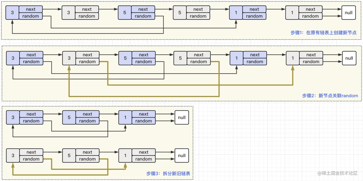 这样,我们就可以通过两次遍历旧的链表来解答这道题的,逻辑如下所示:
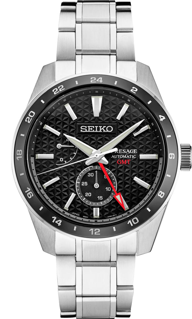 Offering The Finest In Japanese Mechanical Watchmaking, The Presage Collection Blends Precision Technology With Superior Craftsmanship And Design. Known For Unique Dials Reflecting Centuries Of Artistry, Presage Embraces The Fresh Look Of Contemporary Japanese Design With This Coolly Angular Timepiece. The Theme Of Energy Is Captured By The Intricate Dial Pattern, Based On The Traditional Asanoha Hemp Leaf Motif Of The Heian Period (794-1185 Ad), A Symbol Of Growth And Prosperity. Uniquely Shaped Lumibrite Hands And Stick Markers Add A Crisp Legibility To The Sumiiro Black Gmt Dial, With 24-Hour Gmt Hand, Power Reserve Indicator And Date Display. A Sapphire Crystal Includes Anti-Reflective Coating On The Inner Surface, While The Screwdown See-Through Caseback Provides A View Of The New Caliber 6R64 29-Jewel Automatic Movement With Manual Winding Capability, A Frequency Of 28,800 Vibrations Per Hour And A Power Reserve Of Approximately 45 Hours. With Clean, Sharp Angles To Highlight The Beauty Of The Material, This Bracingly Modern Watch Is Crafted Of Stainless Steel With Super-Hard Coating And Tri-Fold Push Button Release Clasp. 10 Bar, 100M Water Resistant
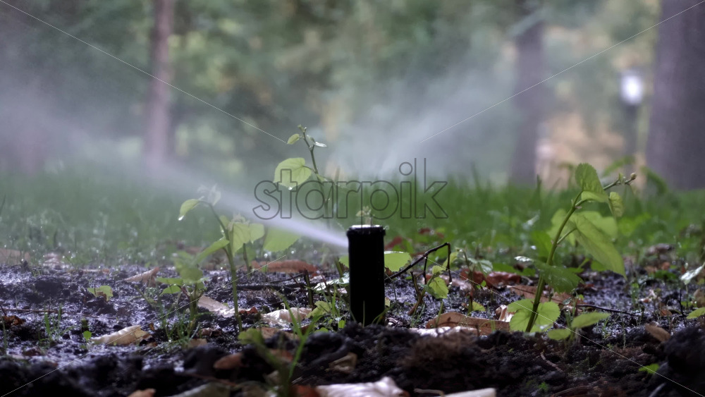 Close up of a water sprinkler in action, spraying water across grass and plants Royalty Free Stock Video Footage
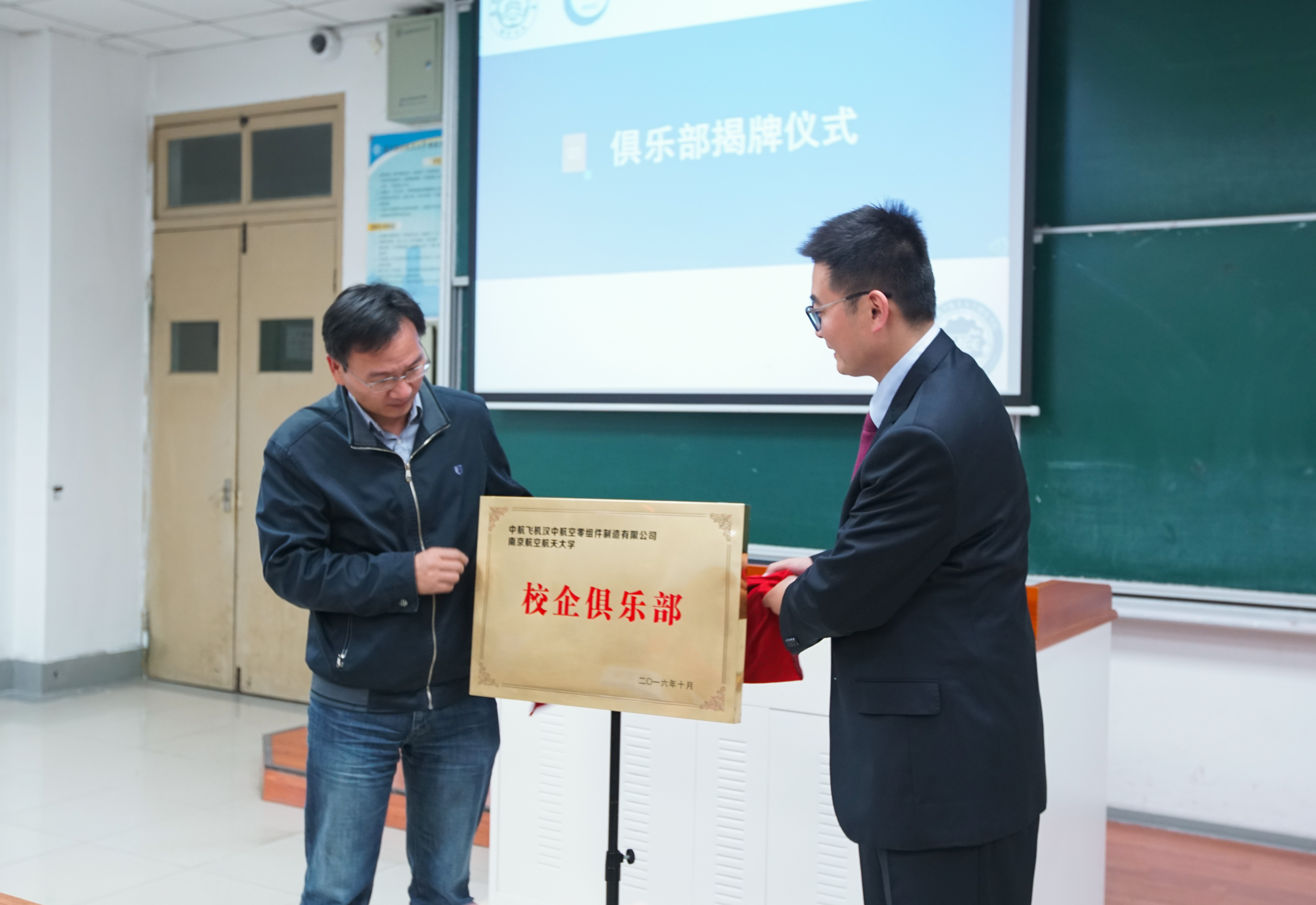 本次活动由许赞副书记主持,活动伊始,a片网站 党委书记陈文亮教授致欢迎辞,拉开了此次仪式的序幕。在开营仪式上,汉中零组件公司总经理李新伟进行了a片网站宣讲,介绍了公司的基本情况、生产能力和航空零组件制造业的前景,并且表达了对同学们加入公司的殷切希望和求贤若渴的心情。发言结束后,李新伟总经理和陈文亮书记一同揭开了俱乐部的铜牌,也为我们打开了走向零组件公司的大门。
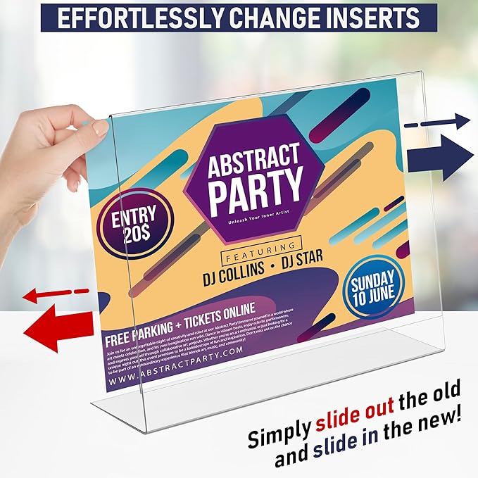 - Effortlessly Change Inserts: The 11 x 8.5 Slant Back Acrylic Sign Holder makes it simple to update your displays. With its easy side-loading design, you can quickly insert materials that fit snugly. Whether you're swapping out inserts, event signs, or important notices, this holder keeps the process fast and stress-free. Its straightforward design saves you time and effort, making it an ideal solution for those who need to change content frequently with ease
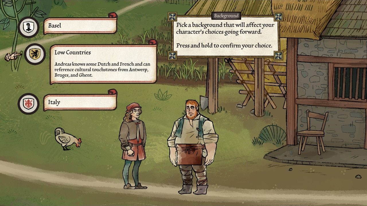 There are other ways in which Pentiment conveyed a plurality of historical realities. Aspects of Andreas’ background – for example, where he might have spent his Wanderjahre – are left to player choice. This allows players to perform a variety of different historical realities, more or less equally plausible for a man of Andreas’ social stature from Nuremberg at this time. In doing so, Pentiment not only informs its audience of its historical setting, but allows players to create their own interpretation within that setting. Pentiment’s ability to hold the tension between multiple historical realities, then, encapsulates these specific nuances of historical interpretation more than I’ve (yet) seen in another game.
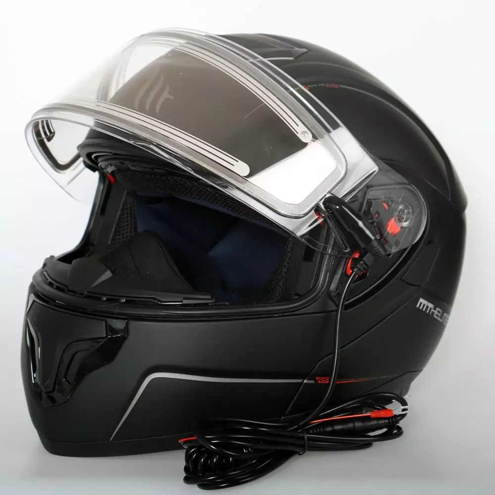 Motorcykelhjälmen MT Atom är en öppningsbar hjälm med elektriskt uppvärmt visir! Visiret immar inte i nästan någon situation alls. En utmärkt hjälm för vinterväder, hjälmen har färdigt en vintermask, som riktar bort utandningen från visiret och samtidigt skyddar kinderna när man åker med visiret öppet. Den avancerade vädringen som omfattar hela hjälmen fungerar oberoende av huvudets läge. För sommaren kan man köpa ett vanligt genomskinligt visir till hjälmen.
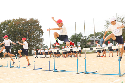 1時間目の体育の時間は、走り方やハードルの跳び方を学びながら、児童たち一人ひとりが跳びたい高さのハードルを選んで自由に跳ぶという授業です。自分で目標を設定し、それを達成していくことでチャレンジする大切さ、運動の楽しさを実感してもらおうというのがねらいです。

---

TASK REQUIREMENTS -
Make an exact copy of every entry above, but keep the pictures out of it.

ANSWER BOX -
 这样,我们就可以通过两次遍历旧的链表来解答这道题的,逻辑如下所示:
 Offering The Finest In Japanese Mechanical Watchmaking, The Presage Collection Blends Precision Technology With Superior Craftsmanship And Design. Known For Unique Dials Reflecting Centuries Of Artistry, Presage Embraces The Fresh Look Of Contemporary Japanese Design With This Coolly Angular Timepiece. The Theme Of Energy Is Captured By The Intricate Dial Pattern, Based On The Traditional Asanoha Hemp Leaf Motif Of The Heian Period (794-1185 Ad), A Symbol Of Growth And Prosperity. Uniquely Shaped Lumibrite Hands And Stick Markers Add A Crisp Legibility To The Sumiiro Black Gmt Dial, With 24-Hour Gmt Hand, Power Reserve Indicator And Date Display. A Sapphire Crystal Includes Anti-Reflective Coating On The Inner Surface, While The Screwdown See-Through Caseback Provides A View Of The New Caliber 6R64 29-Jewel Automatic Movement With Manual Winding Capability, A Frequency Of 28,800 Vibrations Per Hour And A Power Reserve Of Approximately 45 Hours. With Clean, Sharp Angles To Highlight The Beauty Of The Material, This Bracingly Modern Watch Is Crafted Of Stainless Steel With Super-Hard Coating And Tri-Fold Push Button Release Clasp. 10 Bar, 100M Water Resistant
 Close up of a water sprinkler in action, spraying water across grass and plants Royalty Free Stock Video Footage
 本次活动由许赞副书记主持,活动伊始,a片网站 党委书记陈文亮教授致欢迎辞,拉开了此次仪式的序幕。在开营仪式上,汉中零组件公司总经理李新伟进行了a片网站宣讲,介绍了公司的基本情况、生产能力和航空零组件制造业的前景,并且表达了对同学们加入公司的殷切希望和求贤若渴的心情。发言结束后,李新伟总经理和陈文亮书记一同揭开了俱乐部的铜牌,也为我们打开了走向零组件公司的大门。
 - Effortlessly Change Inserts: The 11 x 8.5 Slant Back Acrylic Sign Holder makes it simple to update your displays. With its easy side-loading design, you can quickly insert materials that fit snugly. Whether you're swapping out inserts, event signs, or important notices, this holder keeps the process fast and stress-free. Its straightforward design saves you time and effort, making it an ideal solution for those who need to change content frequently with ease
 There are other ways in which Pentiment conveyed a plurality of historical realities. Aspects of Andreas’ background – for example, where he might have spent his Wanderjahre – are left to player choice. This allows players to perform a variety of different historical realities, more or less equally plausible for a man of Andreas’ social stature from Nuremberg at this time. In doing so, Pentiment not only informs its audience of its historical setting, but allows players to create their own interpretation within that setting. Pentiment’s ability to hold the tension between multiple historical realities, then, encapsulates these specific nuances of historical interpretation more than I’ve (yet) seen in another game.
 Motorcykelhjälmen MT Atom är en öppningsbar hjälm med elektriskt uppvärmt visir! Visiret immar inte i nästan någon situation alls. En utmärkt hjälm för vinterväder, hjälmen har färdigt en vintermask, som riktar bort utandningen från visiret och samtidigt skyddar kinderna när man åker med visiret öppet. Den avancerade vädringen som omfattar hela hjälmen fungerar oberoende av huvudets läge. För sommaren kan man köpa ett vanligt genomskinligt visir till hjälmen.
 1時間目の体育の時間は、走り方やハードルの跳び方を学びながら、児童たち一人ひとりが跳びたい高さのハードルを選んで自由に跳ぶという授業です。自分で目標を設定し、それを達成していくことでチャレンジする大切さ、運動の楽しさを実感してもらおうというのがねらいです。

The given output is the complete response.